DOJ finds rape and abuse of women at Tutwiler prison in AL "unconstitutional"
Commentary by Black Kos Editor Denise Oliver Velez
If reading about the rape and sexual abuse of women is a trigger for you—please skip this.
If fighting back against it—wherever it occurs—is part of your moral, personal and political agenda—read on.
Department of Justice finds conditions at Julia Tutwiler Prison to be unconstitutional, Mike Cason wrote January 17, 2014 at 6:17 PM, and updated this story on January 18th.
MONTGOMERY, Alabama --- The U.S. Department of Justice said today that conditions at Julia Tutwiler Prison violate the Constitution, citing what it called "a history of unabated staff-on-prisoner sexual abuses and harassment."
DOJ sent investigators to Tutwiler last April and reported their findings in a 36-page letter to Gov. Robert Bentley.
"The women at Tutwiler universally fear for their safety," the report stated."They live in a sexualized environment with repeated and open sexual behavior, including: abusive sexual contact between staff and prisoners; sexualized activity, including a strip show condoned by staff; profane and unprofessional sexualized language and harassment; and deliberate cross-gender viewing of prisoners showering, urinating and defecating," the report stated. DOJ said the conditions violate the Eighth Amendment right to be protected from harm. It said problems go back almost two decades. The DOJ also said it will expand its investigation to look into medical and mental health care for inmates and other issues.
Rape is a terrible and violent crime with long lasting physical and emotional effects. Most women (and men) who survive the ordeal can—with help—learn to live with the scars and the memories. But imagine being locked up with your abusers, knowing that you face years and years of abuse, with little or no recourse. When your rapist has the power of the state behind him. When he is your guard, hired to keep you in line, and punish you with his power. Knowing the the world outside of the prison walls, and barbed wire has basically wiped its hands of you, since nothing is viewed as lower in our society than female felons. Imagine the repercussions of being impregnated by your abuser.

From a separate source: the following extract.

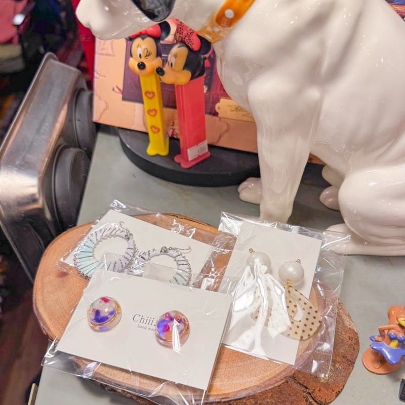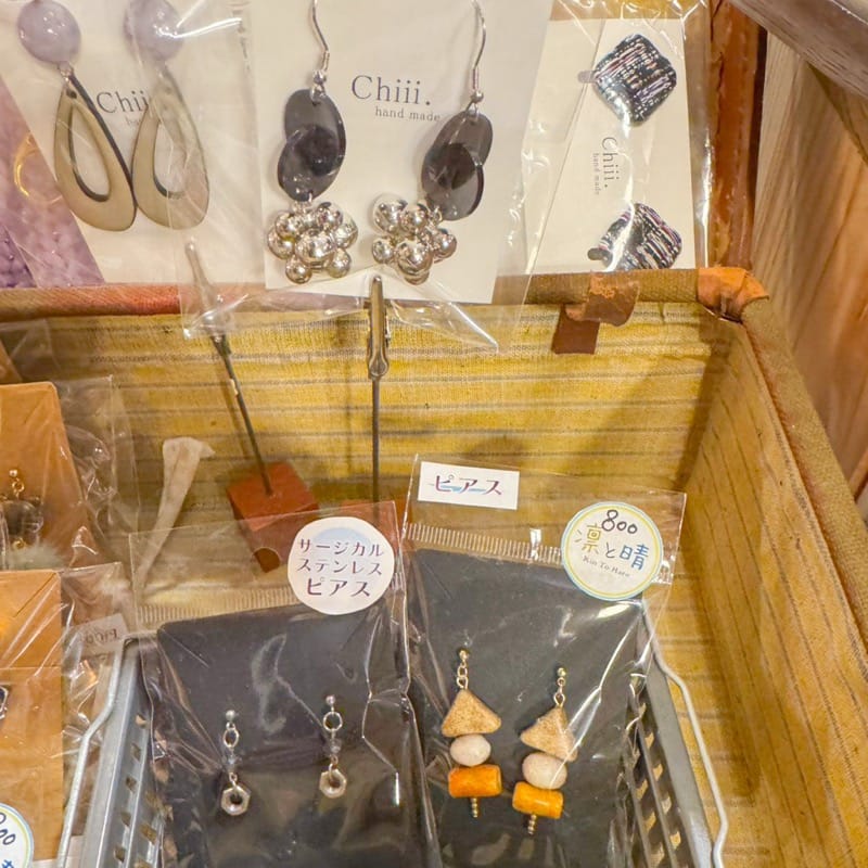 MUSTmasでは、オリジナルアクセサリーを作っている「Chiii」さんと「凛と晴」さんのピアスやイヤリングの取り扱いも行っているそうです。

Such is the case with the women who are doing time in Julia Tutwiler Prison in Alabama, ironically named for a noted prison reformer. This is not to say that rape doesn't take place in other penal institutions. But Tutwiler has a reputation for exceeding the bounds of brutality. Mother Jones placed Tutwiler on its list of America's 10 worst prisons.
From 2009 through 2011, six Tutwiler employees were indicted on charges of custodial sexual misconduct or custodial sexual abuse. (All pled guilty, but only two served time.)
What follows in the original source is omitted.